▸ **STORED DATA**:
#####

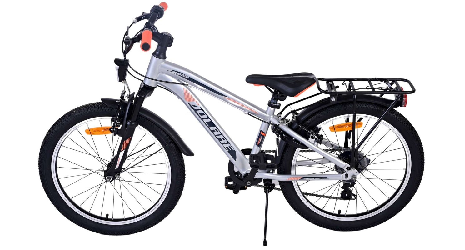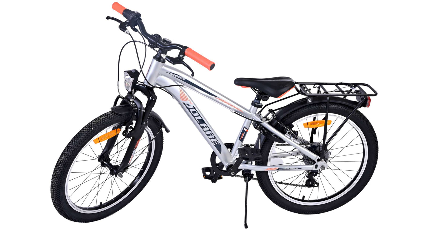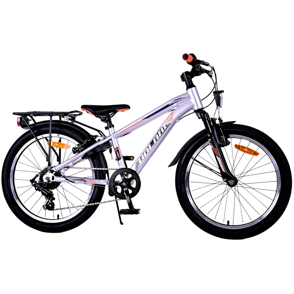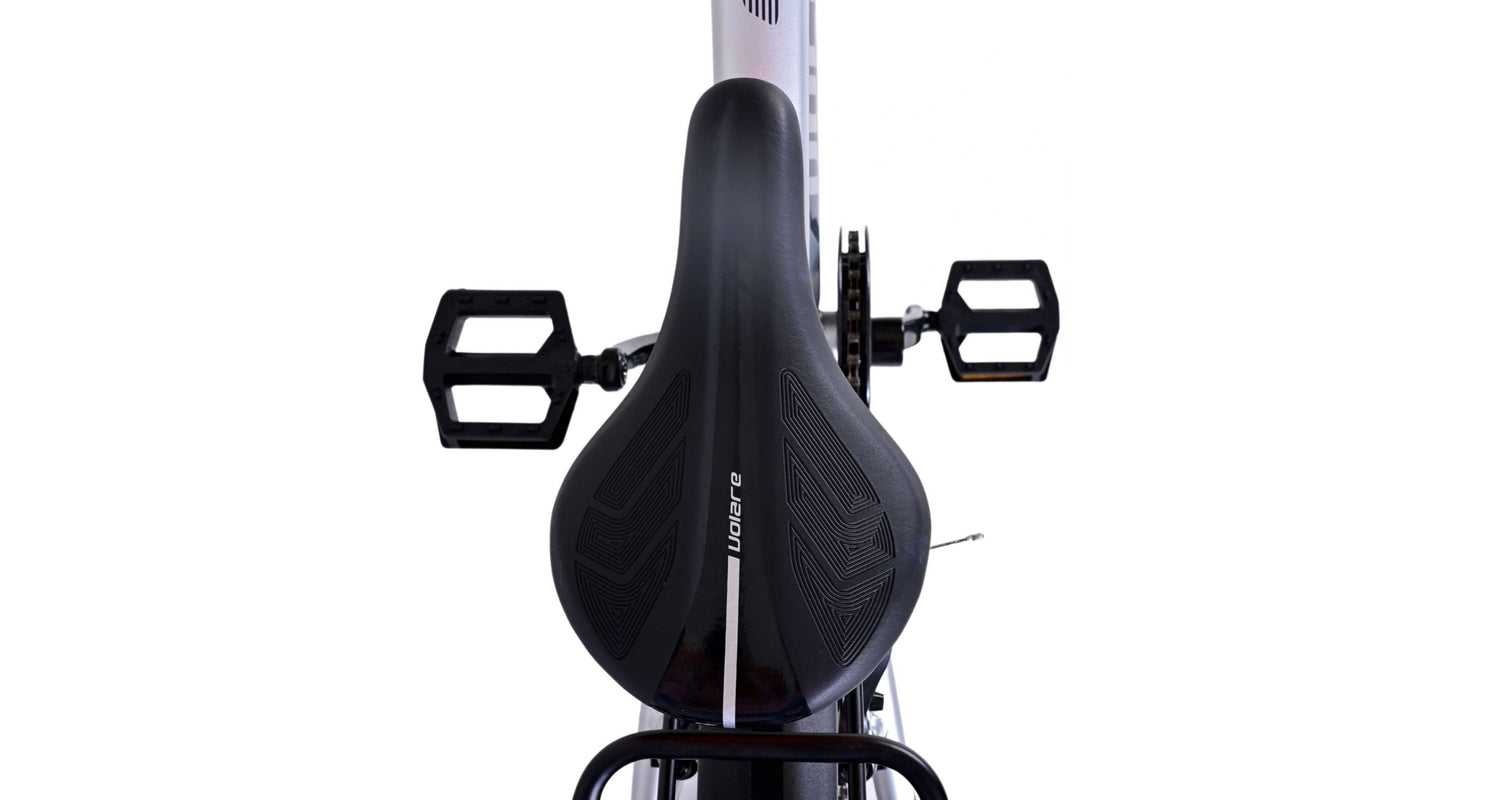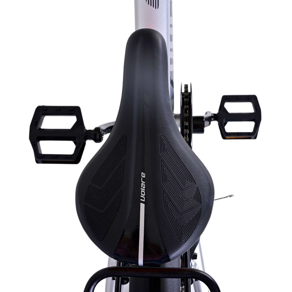 Veiligheid staat voorop! Daarom heeft deze gave fiets geen terugtraprem maar twee handremmen, 6 versnellingen, reflectoren in de wielen en verlichting op batterij voor en achter. Ook aan het comfort is gedacht. De mooie zilveren Volare fiets heeft een handige achterdrager om moeiteloos al je spullen mee te nemen, een comfortabel zacht zadel, een standaard zodat je fiets altijd netjes blijft staan en een stevig slot. Om zo lang mogelijk van de fiets te kunnen genieten heeft deze een extra lange zadelpen waardoor de fiets langer met het kind meegroeit. Let op, het stuur is niet in hoogte verstelbaar!
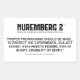 "Es sollten geeignete Vorbereitungen getroffen und angemessene Einrichtungen zum Schutz des Versuchspersonals vor selbst entfernten Verletzungs-, Invaliditäts- oder Todesmöglichkeiten geschaffen werden." Artikel 7 des Nürnberger Kodex 1947 - Aufkleber (schwarzer Text). Unterstützen Sie die internationalen Menschenrechte? Glauben Sie, dass die Menschen ihre Menschenrechte kennen sollten? Die Marke Nürnberg 2™ will jeden Einzelnen über die Wichtigkeit all unserer Menschenrechte informieren. Nürnberg 2™ ist stolz darauf, den Namen des ersten Internationalen Menschenrechtskodexes - des Nürnberger Kodexes 1947 zu erwähnen, der den Weg für die UN-Erklärung der Menschenrechte und andere Gesetze zum Schutz des Einzelnen vor Staat, unternehmerischer und institutioneller Tyrannei geebnet hat. Nürnberg 2™ setzt sich für die Förderung des Internationalen Bioethik- und Menschenrechtsrechts ein, mit direkten Zitaten der wichtigsten Klauseln und Artikel aus Gesetzen, die von allen großen Nationen ratifiziert wurden, wodurch sie weltweit rechtsverbindlich und in allen Ländern rechtsverbindlich sind. Die eklatante Verletzung der Menschenrechtsgesetze durch jeden Staat gilt als "Verbrechen gegen die Menschlichkeit". Diejenigen, die sich gegen die Menschenrechtsgesetze stellen, versuchen, sie zu unterdrücken, oder die das öffentliche Bewusstsein für sie nicht unterstützen, sind nicht besser als diejenigen, die diese Gesetze eklatant verletzen.
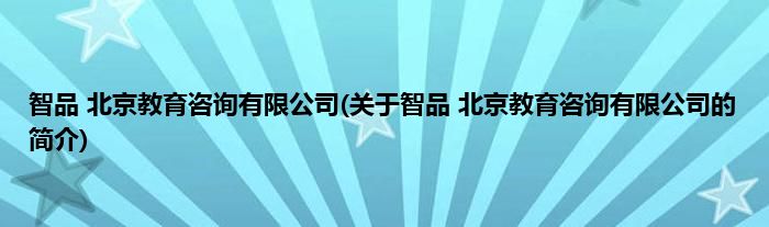 本文关于智品 北京教育咨询有限公司的简介就讲解完毕,希望对大家有所帮助。
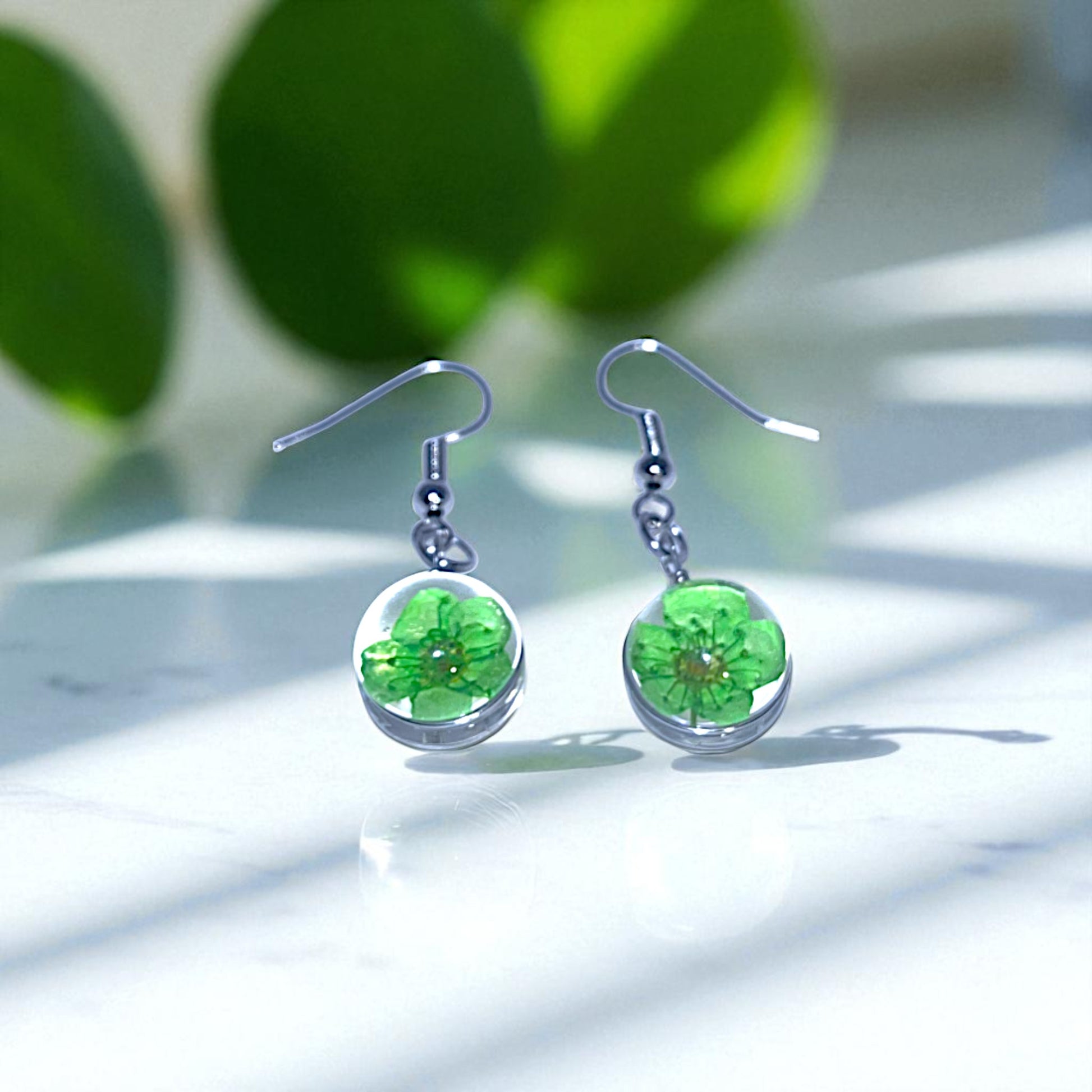 Add a fresh touch of nature to your style with these handcrafted pressed flower resin earrings, featuring real flowers delicately encased in crystal-clear resin. Each round pendant (approx. 1.2 cm x 1.2 cm x 1.0 cm) showcases a beautifully preserved bloom, making every pair truly one-of-a-kind. Lightweight and vibrant, these floral dangle earrings are perfect for spring and summer wear, adding a splash of natural elegance to both casual and dressy outfits.

#####

▸ **ABOUT THIS TASK**: Your task is to restate word for word the lines from the top of the data to the line containing "本文关于智品 北京教育咨询有限公司的简介就讲解完毕,希望对大家有所帮助。", both ends included, with every picture left out.

▸ **RESULT BELOW**:
 Veiligheid staat voorop! Daarom heeft deze gave fiets geen terugtraprem maar twee handremmen, 6 versnellingen, reflectoren in de wielen en verlichting op batterij voor en achter. Ook aan het comfort is gedacht. De mooie zilveren Volare fiets heeft een handige achterdrager om moeiteloos al je spullen mee te nemen, een comfortabel zacht zadel, een standaard zodat je fiets altijd netjes blijft staan en een stevig slot. Om zo lang mogelijk van de fiets te kunnen genieten heeft deze een extra lange zadelpen waardoor de fiets langer met het kind meegroeit. Let op, het stuur is niet in hoogte verstelbaar!
 "Es sollten geeignete Vorbereitungen getroffen und angemessene Einrichtungen zum Schutz des Versuchspersonals vor selbst entfernten Verletzungs-, Invaliditäts- oder Todesmöglichkeiten geschaffen werden." Artikel 7 des Nürnberger Kodex 1947 - Aufkleber (schwarzer Text). Unterstützen Sie die internationalen Menschenrechte? Glauben Sie, dass die Menschen ihre Menschenrechte kennen sollten? Die Marke Nürnberg 2™ will jeden Einzelnen über die Wichtigkeit all unserer Menschenrechte informieren. Nürnberg 2™ ist stolz darauf, den Namen des ersten Internationalen Menschenrechtskodexes - des Nürnberger Kodexes 1947 zu erwähnen, der den Weg für die UN-Erklärung der Menschenrechte und andere Gesetze zum Schutz des Einzelnen vor Staat, unternehmerischer und institutioneller Tyrannei geebnet hat. Nürnberg 2™ setzt sich für die Förderung des Internationalen Bioethik- und Menschenrechtsrechts ein, mit direkten Zitaten der wichtigsten Klauseln und Artikel aus Gesetzen, die von allen großen Nationen ratifiziert wurden, wodurch sie weltweit rechtsverbindlich und in allen Ländern rechtsverbindlich sind. Die eklatante Verletzung der Menschenrechtsgesetze durch jeden Staat gilt als "Verbrechen gegen die Menschlichkeit". Diejenigen, die sich gegen die Menschenrechtsgesetze stellen, versuchen, sie zu unterdrücken, oder die das öffentliche Bewusstsein für sie nicht unterstützen, sind nicht besser als diejenigen, die diese Gesetze eklatant verletzen.
 本文关于智品 北京教育咨询有限公司的简介就讲解完毕,希望对大家有所帮助。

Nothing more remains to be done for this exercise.